Criminal Justice: Examination behind closed doors | Exploring the Web with Bharathi S Pradhan


It is an overwhelming reality that in most cases of rape and sexual abuse, more than the perpetrator, it is the victim who feels an overwhelming sense of shame.

It is therefore entirely credible that Kirti Kulhari does not simply repeat the undue silent and stammering act of Indu Sarkar but undergoes a trauma unspeakably different from that of Anu Chandra in Behind closed doors.

Ultimately, while only Anu is on the dock for her husband’s murder, it’s three other marriages that also turn the spotlight inward as the case is unfolding.

Adapted and competently written by Apurva Asrani from the British series Criminal justice, Behind closed doors Rohan Sippy and Arjun Mukherjee take turns directing the episodes.

The odds are against Anu in what defense attorney Madhav Mishra (Pankaj Tripathi) sees as an open and closed case. But, to make Anu the vulnerable victim, there is a sea of ​​influential names on the opposite side. Well-connected mother-in-law Vijji Chandra (Deepti Naval). Leading legal mastermind Mandira Mathur (Mita Vashisht) so influential that she hires and fires prosecutors. Dipen Prabhu (Ashish Vidhyarti), haughty and offensive puja prosecutor, who is not above a dirty trick or two to organize a media trial which is taking place today alongside the trials inside the courtroom audience. Ishani (Shilpa Shukla), a hair dryer high society prisoner who runs the prison and can be used by Mandira and Prabhu.

Above all, the public prosecutor Bikram Chandra (Jisshu Sengupta), stabbed by his wife Anu, so famous and highly regarded that the legal community is closing ranks.

So when the underdog wins, it is all the more of a triumph, with domestic violence and the systematic chiseling of a woman’s self-esteem coming out of the bedroom and into the courtroom.

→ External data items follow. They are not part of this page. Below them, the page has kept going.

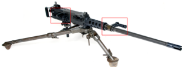
Type: Browning M2E2

weapon specifics, Browning M2E2 new Browning modification with quick-change barrel
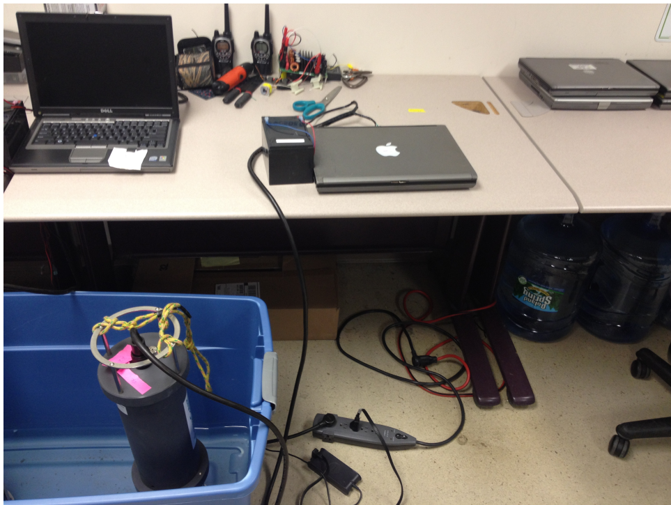
Figure 2: connect to laptop
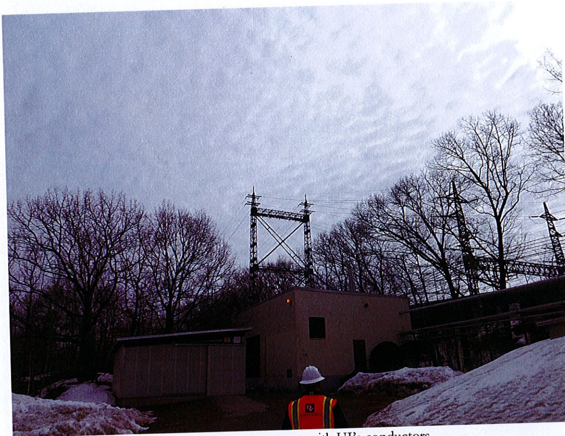
Photograph of existing railroad catenary structures with UI's conductors.
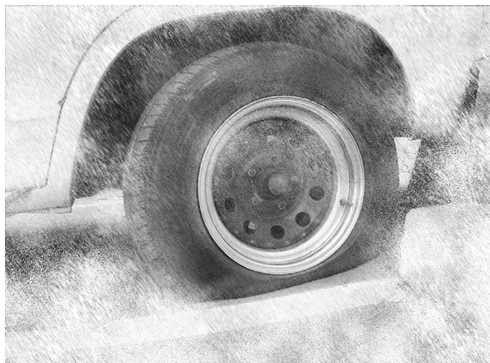
A flat tire in winter. Are you prepared?

If we notice there is a problem, it can be addressed at a time that is less inconvenient. This is especially true if we were leaving on a longer family vacation trip where the negative effects of getting a flat tire are increased.
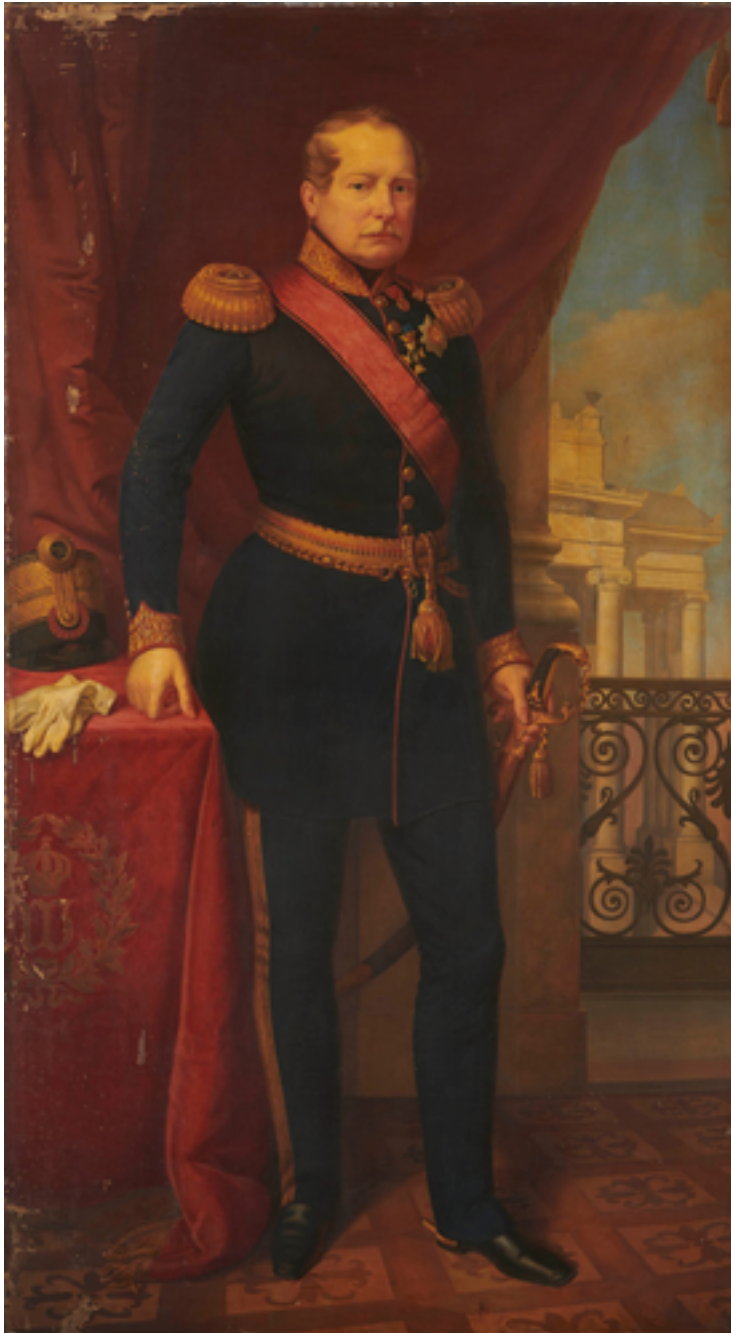
Depicts: Wilhelm I of Württemberg

He receives a substantial boost with the irreplaceable presence of Pankaj Tripathi, the life of many web series, who arrives as Madhav Mishra with joy and more. Mishra’s marriage to Ratna in Patna gives a chuckle or two along with another layer of marital equations.

Nikhat Hussain (Anupriya Goenka) who slips into the defense team and his fierce contests with a doormat mother also throws the parents’ marriage under the microscope.

Gauri (Kalyani Mulay) and Harsh Pradhan (Ajeet Singh Palawat) make an interesting husband-wife team at the police station whose relationship changes as Anu’s case turns out not to be quite open and closed. The objectivity of senior cop Salian (Pankaj Saraswat) with an insider perspective on the vakil- and-Tuesday the equation gives more life to the case.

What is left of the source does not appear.